**Exercise**
Please transcribe exactly the lines from the line holding "Oodji Ultra Donna" through the end of the data below, and skip any pictures.

**Data block**
*****
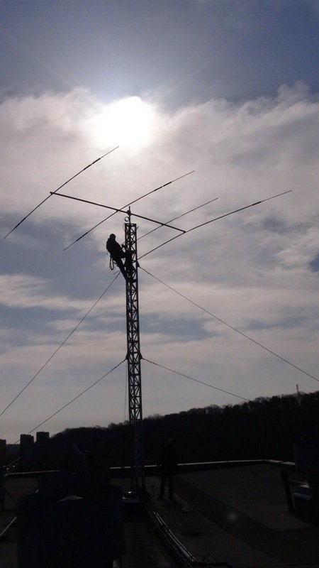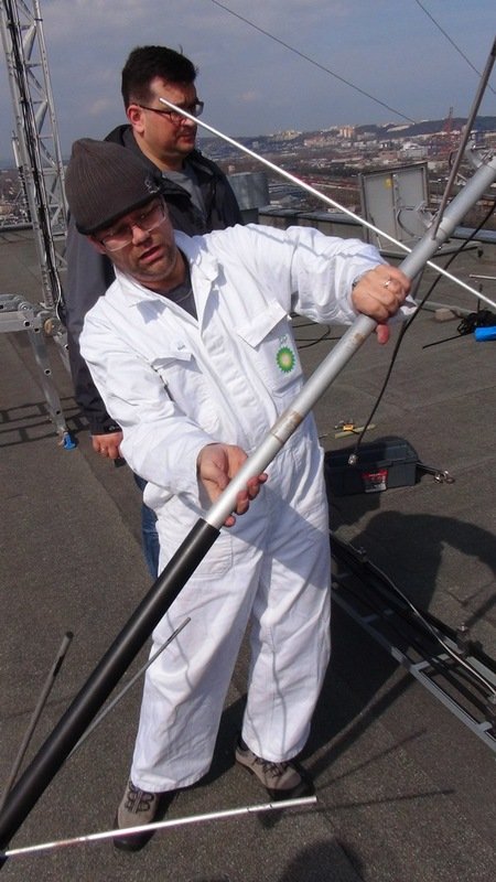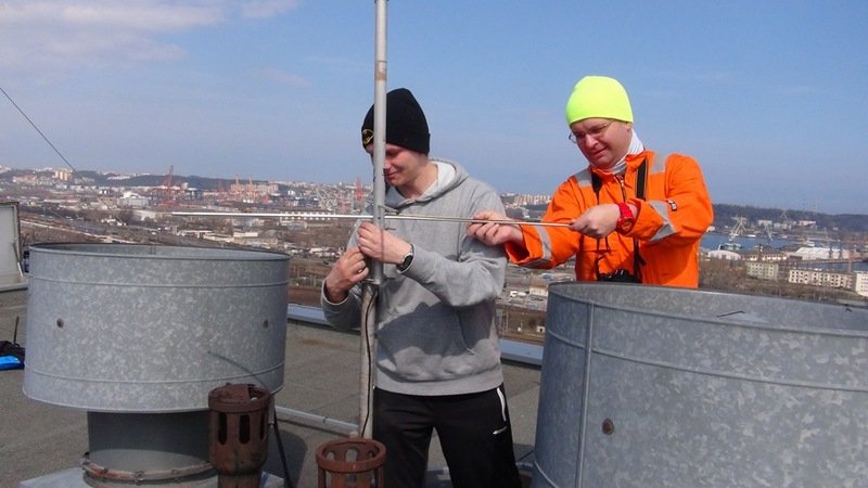 Doszliśmy również do wniosku, że czas zaistnieć na paśmie 1,8 Mhz, a co za tym idzie zrodziła się potrzeba budowy nowej anteny. Jako, że długość fali w tym paśmie wynosi 160m to dipol półfalowy ma każde ramię o długości bagatela 40m. Taka rozpiętość jest więc nie tylko wyzwaniem pod względem konstrukcyjnym (odpowiednio wytrzymałe materiały, a do tego możliwie lekkie) ale również lokalizacyjnym. Mimo, że nasz budynek ma ponad 11 pięter, a odległości między budynkami akademików są dość znaczne, to okazało się, że zawieszenie anteny nie jest tak łatwe jak początkowo liczyliśmy. Nie mniej nie zrażeni problemami lokalizacyjnymi wykonaliśmy antenę z linki miedzianej przy wykorzystaniu baluna produkcji firmy Diamond. Antenę rozwiesiliśmy jako inverted V i uzyskaliśmy całkiem przyzwoity SWR. Zamontowaliśmy również antenę Turnstile SAT-TA1, którą planujemy wykorzystywać do nasłuchów sygnałów satelitarnych i ARISS. Zatem do usłyszenia na nowych pasmach.
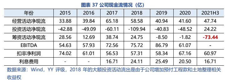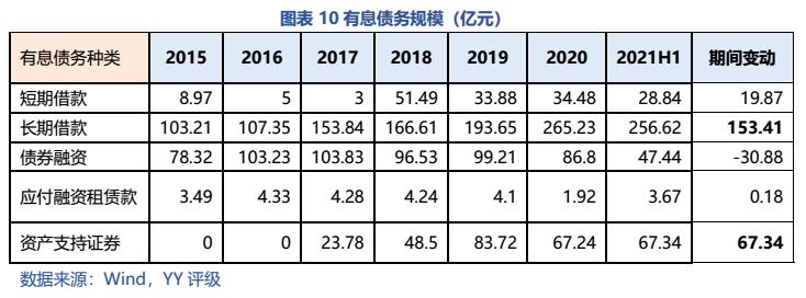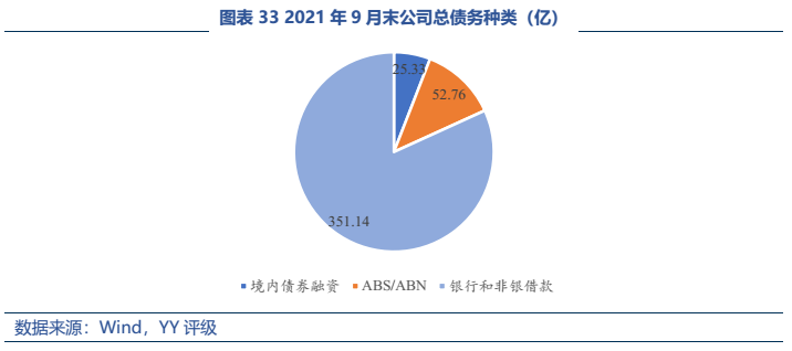 財務層面而言:截至21年9月末短債規(guī)模172.3億元,而同期現(xiàn)金及現(xiàn)金等價物僅57.3億元。償債來源方面:①經營獲現(xiàn)能力相對穩(wěn)定,按照21年前三季度水平,未來一年預計有50-60億元凈流入。②資產處置方面,2021年前三季度賣出物流子公司(約按賬面價值打9折)、贖回理財產品,投資活動流入81.68億元緩解了部分資金壓力。③再融資方面,銀行借款有抵押物支撐,預計短期內得以延續(xù)(但不排除在商場經營效益下滑趨勢下銀行拒絕滾續(xù)或要求新增抵押的可能),但到期的債券(1年內約20億元,不含有抵押的ABS)若需以銀行借款接續(xù),難度較大,因為當前投資性房地產受限比例已經達到87%。
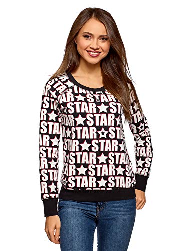 Oodji Ultra Donna Felpa Basic Stampata, Nero, 40
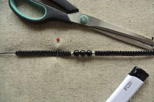 13. Оформляем концы браслета: надеваем металлические бусины-шарики, обрезаем излишки нитей, оставив 5-6 см, подпаливаем концы.
*****
**Written solution**
 Oodji Ultra Donna Felpa Basic Stampata, Nero, 40
 13. Оформляем концы браслета: надеваем металлические бусины-шарики, обрезаем излишки нитей, оставив 5-6 см, подпаливаем концы.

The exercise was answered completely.